Livros que vale a pena Ler

Por Luiz Eduardo Gasparetto

O mercado editorial oferece excelentes leituras para os mais diversos interesses dos leitores. Destaco alguns livros que li e que recomendo.

A Empresa Verde, de Elisabeth Laville (Editora ÕTE – 2009)

A autora, fundadora da Utopies, empresa francesa que oferece consultoria sobre desenvolvimento sustentável, é considerada a introdutora do debate sobre esse tema na França.

Segundo ela, “é possível criar uma empresa que esteja em harmonia com o mundo que a cerca, uma empresa para a qual o desenvolvimento sustentável seja uma segunda natureza”.

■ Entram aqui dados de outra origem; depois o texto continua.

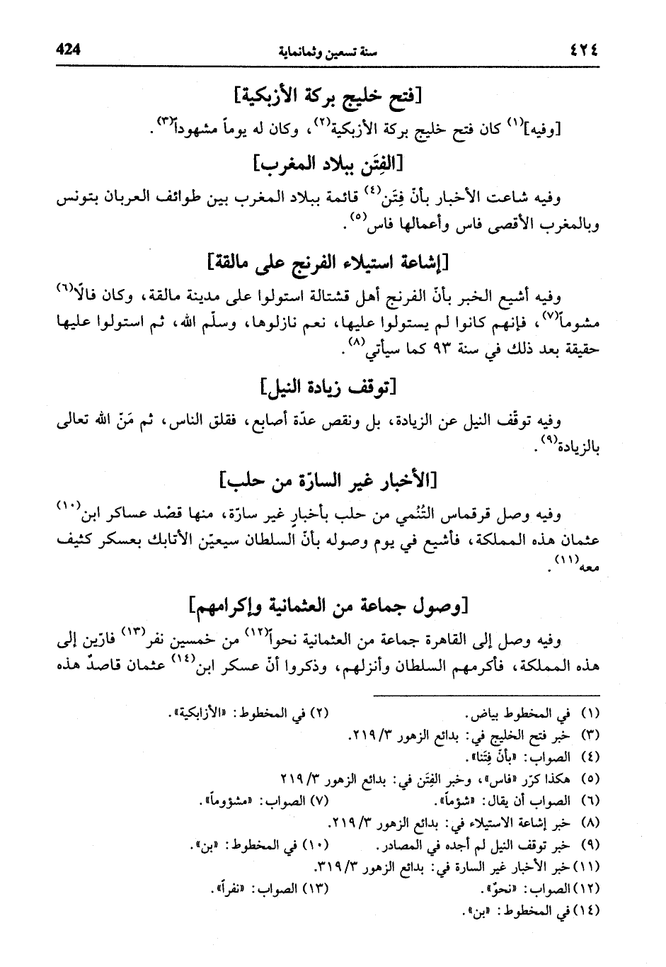 (¬8) خبر إشاعة الاستيلاء في: بدائع الزهور 3/ 219.
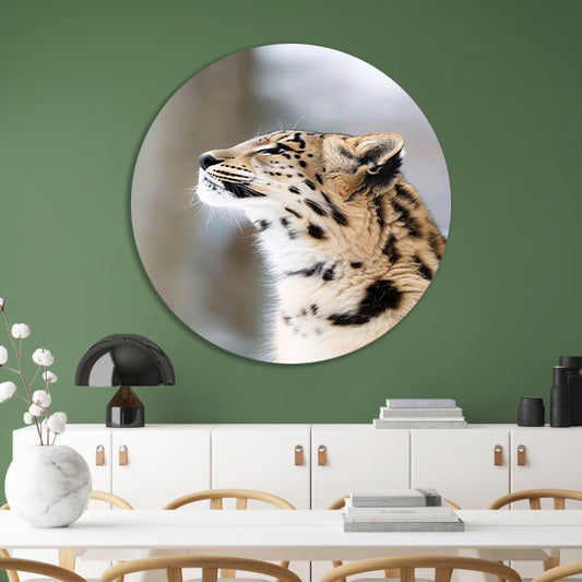 Schilderij van realistische luipaard in detail aluminium muurcirkel

Neste livro, a autora procura demonstrar que uma companhia, independente de seu tamanho ou ramo de atuação, pode ser bem sucedida e também estar comprometida com o desenvolvimento sustentável, conciliando respeito ambiental, justiça social e prosperidade econômica.

Qual é a tua obra: Inquietações sobre gestão, liderança e ética, de Mario Sergio Cortella (Editora Vozes – 2007)

O autor, filósofo, mestre e doutor em Educação e professor-titular do Departamento de Teologia e Ciências da Religião na PUC-SP, faz a proposta de responder-mos a pergunta do título: qual é, afinal, a sua obra? É ser reconhecido? Desenvolver a capacidade de estar sempre aprendendo? Ou talvez seja encontrar-se naquilo que faz? Ser humilde então? Enfrentar o medo da mudança? Enquanto líder, ser capaz de inspirar pessoas, animá-las?

Todas essas perguntas o autor pretende que cada um responda a respeito de si mesmo identificando, finalmente, qual a sua obra.

Se você é um gestor este livro é duplamente recomendado, porque ele mostra as diversas inquietudes de um gestor na liderança de seu pessoal e fala também do maior desafio do líder, tarefa muito mais importante do que qualquer atividade que ele realize: inspirar pessoas.

DELUXE – Como o luxo perdeu o brilho, de Dana Thomas (Editora Campus – 2007)

A autora, escritora e jornalista das revistas Newsweek e New York Times Magazine e que foi professora de jornalismo da The American University of Paris, começa falando de um tempo em que o luxo estava disponível apenas no mundo refinado e aristocrático das grandes fortunas e não era na verdade um produto, mas um estilo de vida.

Em seguida mostra como hoje o setor é administrado por grandes corporações que estão preocupadas com crescimento, visibilidade e, principalmente, lucro e como aqueles produtos feitos à mão por artesãos estão praticamente extintos e quase toda a fabricação foi terceirizada para grandes fábricas.

Mergulha também no lado negro do setor do luxo para descobrir o segredo de grandes marcas como Prada, Gucci e outras. Fala do trabalho em laboratórios localizados no sul da França produzindo para diversas marcas, até fábricas totalmente inadequadas na China e na Índia onde operários colam a etiqueta “made in Italy” ou “made in France” em milhares de bolsas. E não só em produtos falsificados, mas legítimos, produzidos na China para as grandes marcas mundiais.